[Information supplied Boundary: Start]

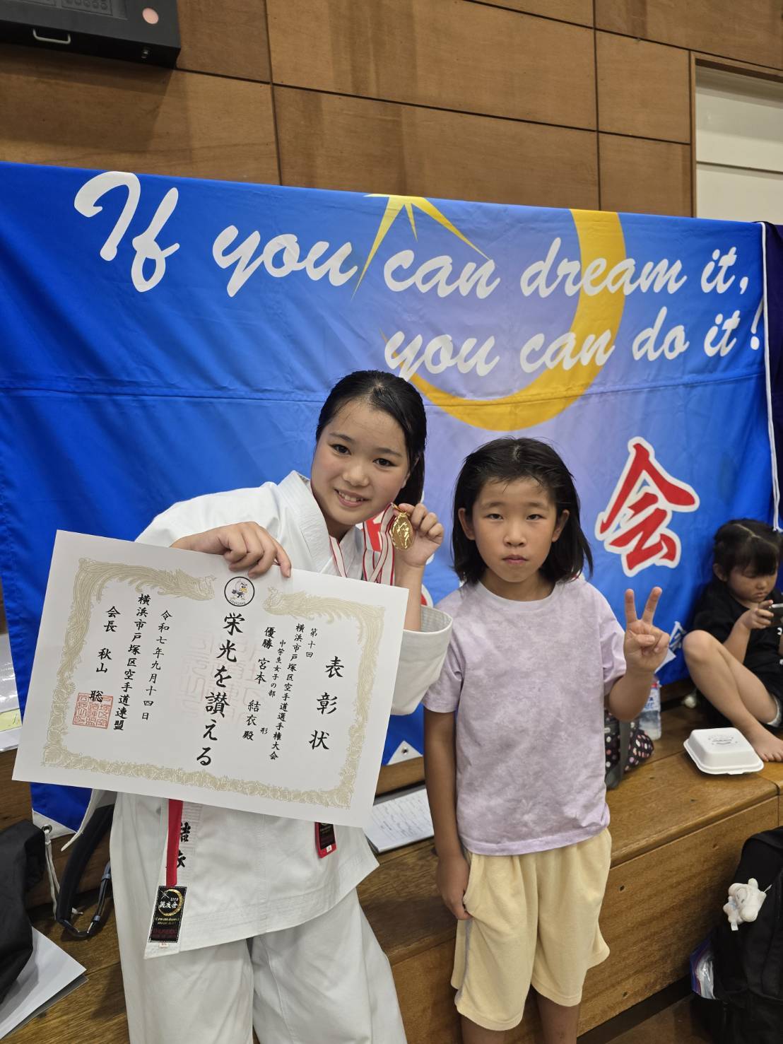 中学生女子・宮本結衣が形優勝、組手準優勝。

[Information supplied Boundary: End]
[Information supplied Boundary: Start]

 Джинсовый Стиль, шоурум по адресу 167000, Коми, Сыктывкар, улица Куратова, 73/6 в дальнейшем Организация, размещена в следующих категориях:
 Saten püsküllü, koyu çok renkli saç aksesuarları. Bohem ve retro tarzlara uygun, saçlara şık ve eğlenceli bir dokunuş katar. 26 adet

[Information supplied Boundary: End]

## Problem to solve:
Where the data above reaches the line holding "Джинсовый Стиль, шоурум", begin printing, and stop after the line holding "Saten püsküllü, koyu". Each line must be reproduced exactly, with nothing else added.

## Answer space:
 Джинсовый Стиль, шоурум по адресу 167000, Коми, Сыктывкар, улица Куратова, 73/6 в дальнейшем Организация, размещена в следующих категориях:
 Saten püsküllü, koyu çok renkli saç aksesuarları. Bohem ve retro tarzlara uygun, saçlara şık ve eğlenceli bir dokunuş katar. 26 adet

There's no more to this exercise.